=== INFORMATION ===
————————
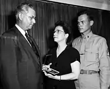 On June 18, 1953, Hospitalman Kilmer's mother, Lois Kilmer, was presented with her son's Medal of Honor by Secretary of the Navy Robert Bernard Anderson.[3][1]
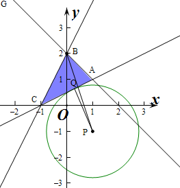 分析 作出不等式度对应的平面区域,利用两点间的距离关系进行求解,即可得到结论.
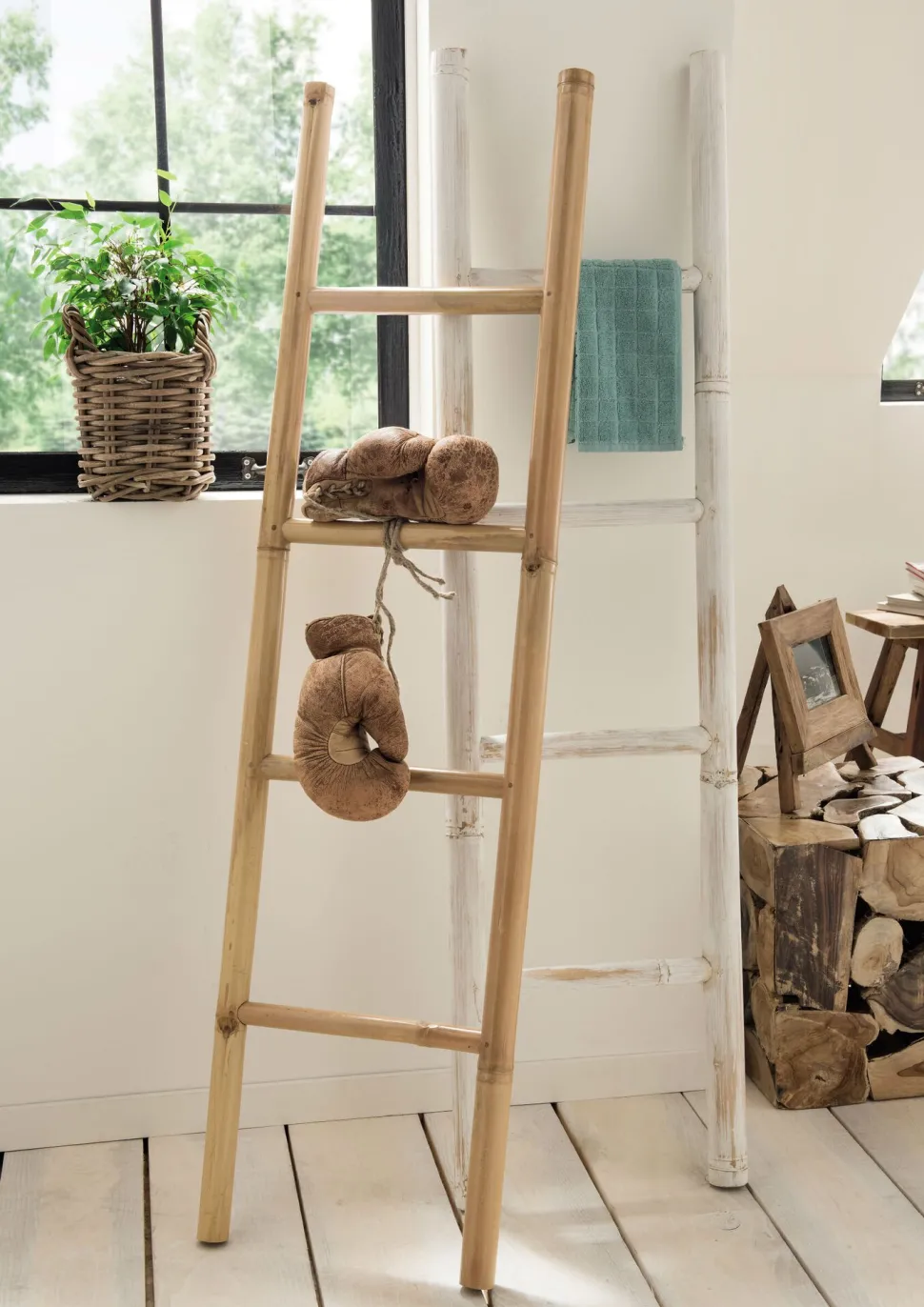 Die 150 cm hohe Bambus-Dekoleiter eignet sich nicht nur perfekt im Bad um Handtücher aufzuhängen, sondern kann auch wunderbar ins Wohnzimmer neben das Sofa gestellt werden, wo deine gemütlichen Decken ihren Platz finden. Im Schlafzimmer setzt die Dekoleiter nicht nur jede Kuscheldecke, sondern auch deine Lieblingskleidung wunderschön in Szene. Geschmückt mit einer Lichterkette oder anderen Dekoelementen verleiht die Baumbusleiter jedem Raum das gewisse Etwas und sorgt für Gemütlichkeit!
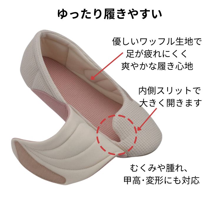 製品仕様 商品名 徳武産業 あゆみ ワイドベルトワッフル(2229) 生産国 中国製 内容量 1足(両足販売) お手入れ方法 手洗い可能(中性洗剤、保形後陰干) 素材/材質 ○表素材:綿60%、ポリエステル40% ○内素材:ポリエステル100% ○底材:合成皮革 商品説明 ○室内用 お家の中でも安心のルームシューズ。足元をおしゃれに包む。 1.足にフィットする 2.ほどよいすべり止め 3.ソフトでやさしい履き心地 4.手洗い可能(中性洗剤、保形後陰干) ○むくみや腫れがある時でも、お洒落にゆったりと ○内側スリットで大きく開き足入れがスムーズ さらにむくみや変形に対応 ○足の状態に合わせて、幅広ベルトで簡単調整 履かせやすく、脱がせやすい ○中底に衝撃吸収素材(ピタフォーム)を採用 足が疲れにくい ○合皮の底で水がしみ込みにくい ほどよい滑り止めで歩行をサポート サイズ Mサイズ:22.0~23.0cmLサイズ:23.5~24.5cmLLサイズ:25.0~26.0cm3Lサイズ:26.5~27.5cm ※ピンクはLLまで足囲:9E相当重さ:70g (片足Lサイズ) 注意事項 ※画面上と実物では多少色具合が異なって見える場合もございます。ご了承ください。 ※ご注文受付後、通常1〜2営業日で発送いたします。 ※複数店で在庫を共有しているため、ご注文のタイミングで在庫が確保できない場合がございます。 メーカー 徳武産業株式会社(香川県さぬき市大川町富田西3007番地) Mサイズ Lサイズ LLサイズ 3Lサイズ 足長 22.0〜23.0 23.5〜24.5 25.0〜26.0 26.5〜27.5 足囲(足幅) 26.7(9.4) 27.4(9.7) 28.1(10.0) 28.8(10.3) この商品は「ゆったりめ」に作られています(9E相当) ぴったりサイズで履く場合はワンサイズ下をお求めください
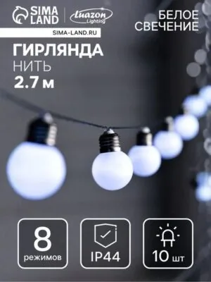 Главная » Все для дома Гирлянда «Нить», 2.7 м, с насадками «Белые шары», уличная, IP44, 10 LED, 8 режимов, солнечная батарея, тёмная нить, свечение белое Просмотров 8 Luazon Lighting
————————
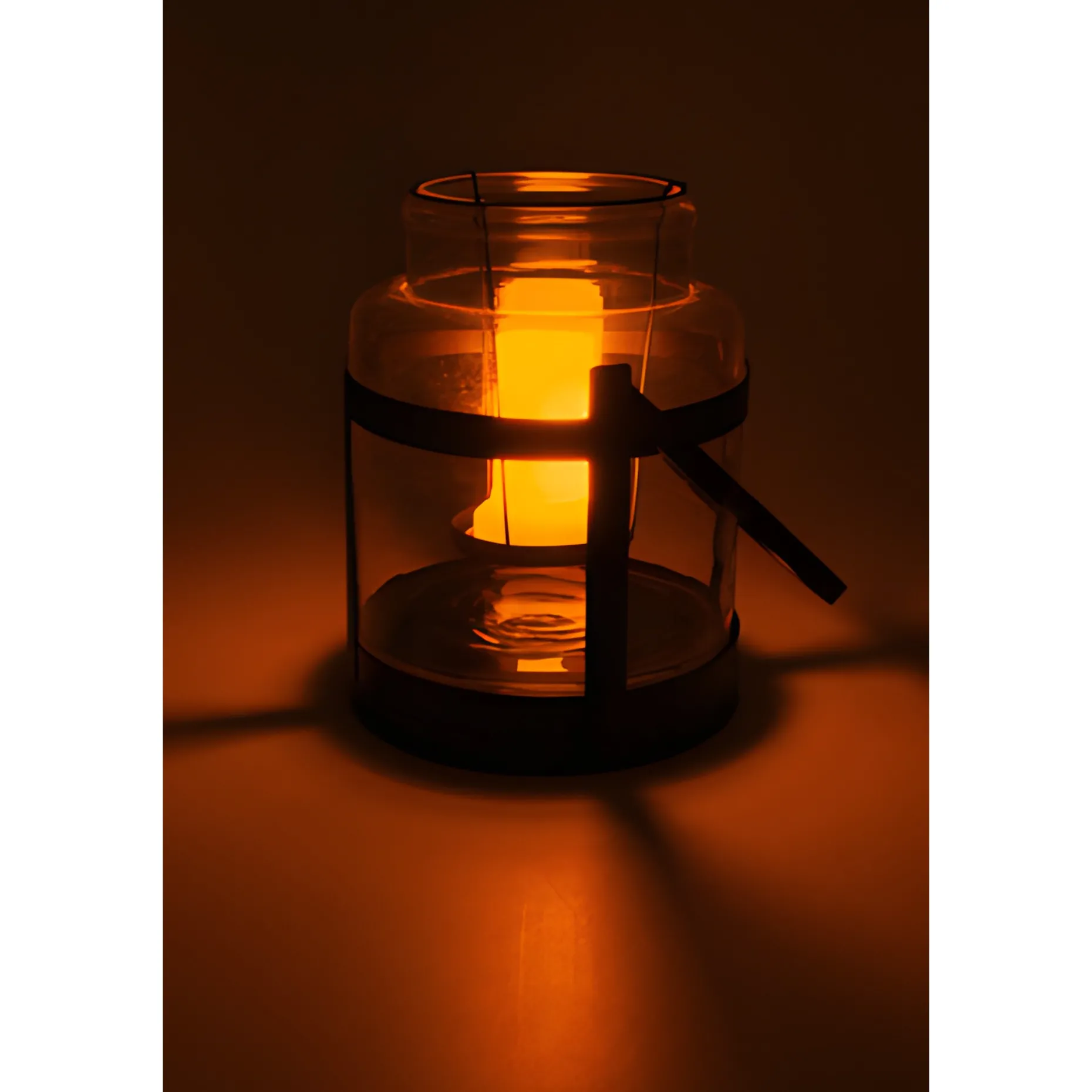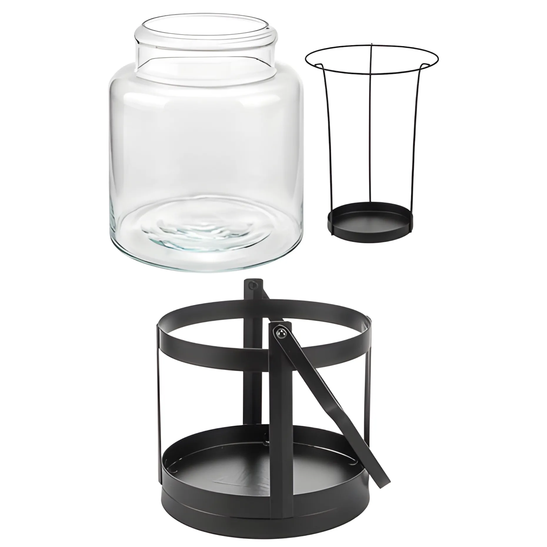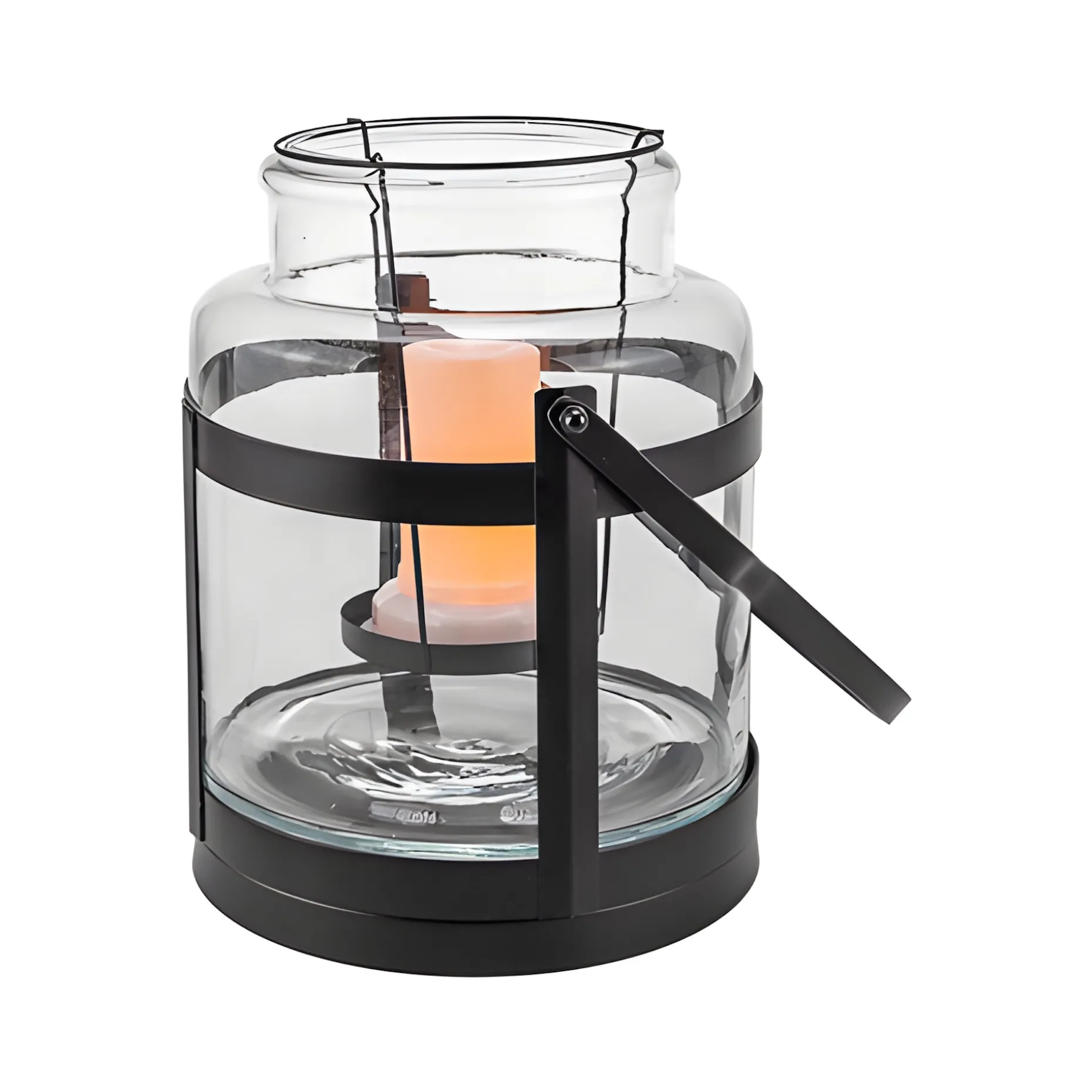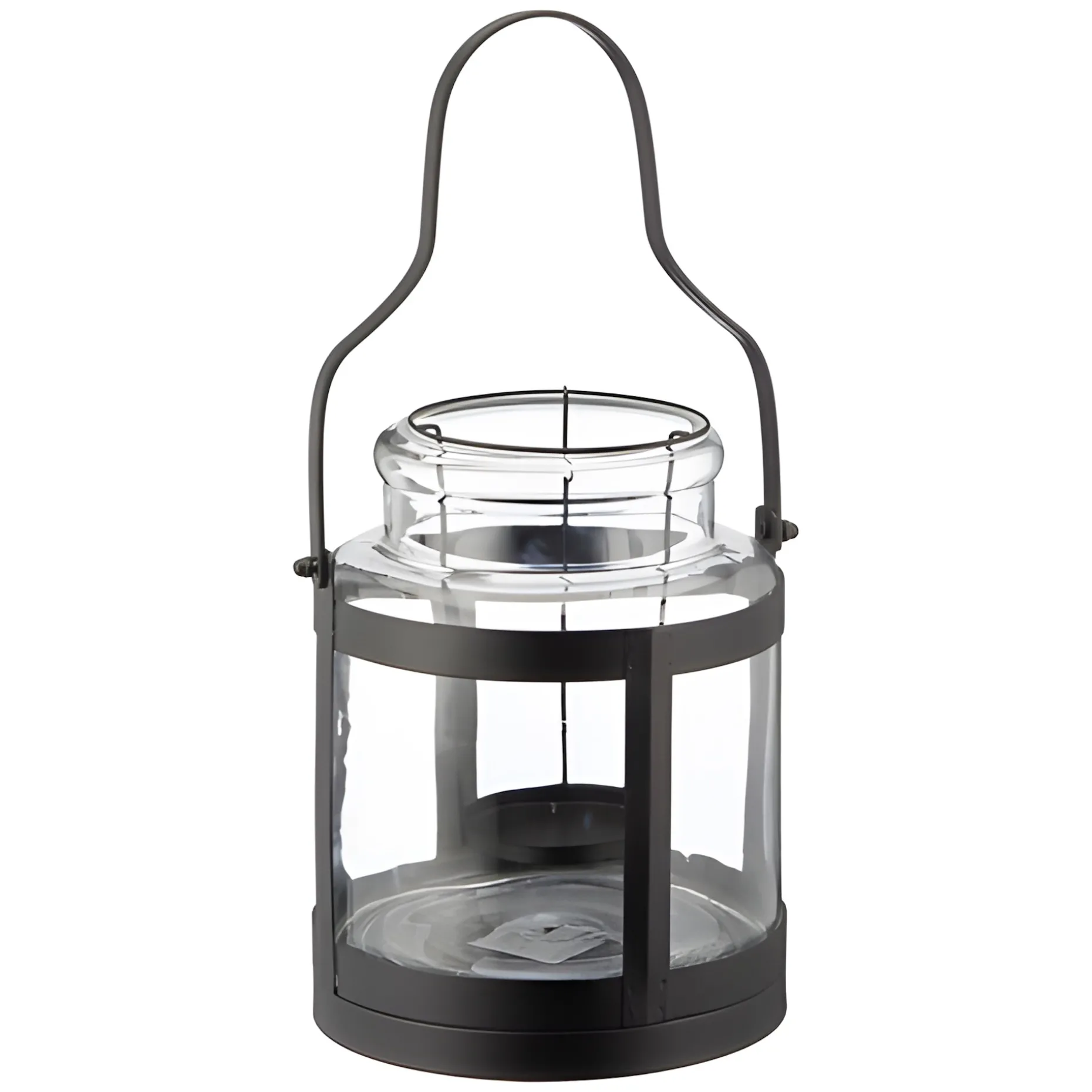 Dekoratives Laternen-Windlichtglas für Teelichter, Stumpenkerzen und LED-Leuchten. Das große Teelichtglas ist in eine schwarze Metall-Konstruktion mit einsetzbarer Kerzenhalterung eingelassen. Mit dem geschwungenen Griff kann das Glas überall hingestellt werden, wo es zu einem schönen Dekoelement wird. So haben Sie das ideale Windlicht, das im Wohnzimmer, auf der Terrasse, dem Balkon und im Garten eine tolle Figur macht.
————————
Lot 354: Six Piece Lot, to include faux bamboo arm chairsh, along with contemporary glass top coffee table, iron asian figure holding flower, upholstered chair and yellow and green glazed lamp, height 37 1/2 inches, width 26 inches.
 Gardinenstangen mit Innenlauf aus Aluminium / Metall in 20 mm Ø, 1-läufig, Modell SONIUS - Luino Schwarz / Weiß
————————
=== TASK DESCRIPTION ===
Only the lines above from the one containing "分析 作出不等式度对应的平面区域,利用两点间的距离关系进行求解,即可得到结论." through the one containing "Die 150 cm hohe" should be returned, verbatim and inclusive, with pictures excluded.

=== TASK OUTPUT ===
 分析 作出不等式度对应的平面区域,利用两点间的距离关系进行求解,即可得到结论.
 Die 150 cm hohe Bambus-Dekoleiter eignet sich nicht nur perfekt im Bad um Handtücher aufzuhängen, sondern kann auch wunderbar ins Wohnzimmer neben das Sofa gestellt werden, wo deine gemütlichen Decken ihren Platz finden. Im Schlafzimmer setzt die Dekoleiter nicht nur jede Kuscheldecke, sondern auch deine Lieblingskleidung wunderschön in Szene. Geschmückt mit einer Lichterkette oder anderen Dekoelementen verleiht die Baumbusleiter jedem Raum das gewisse Etwas und sorgt für Gemütlichkeit!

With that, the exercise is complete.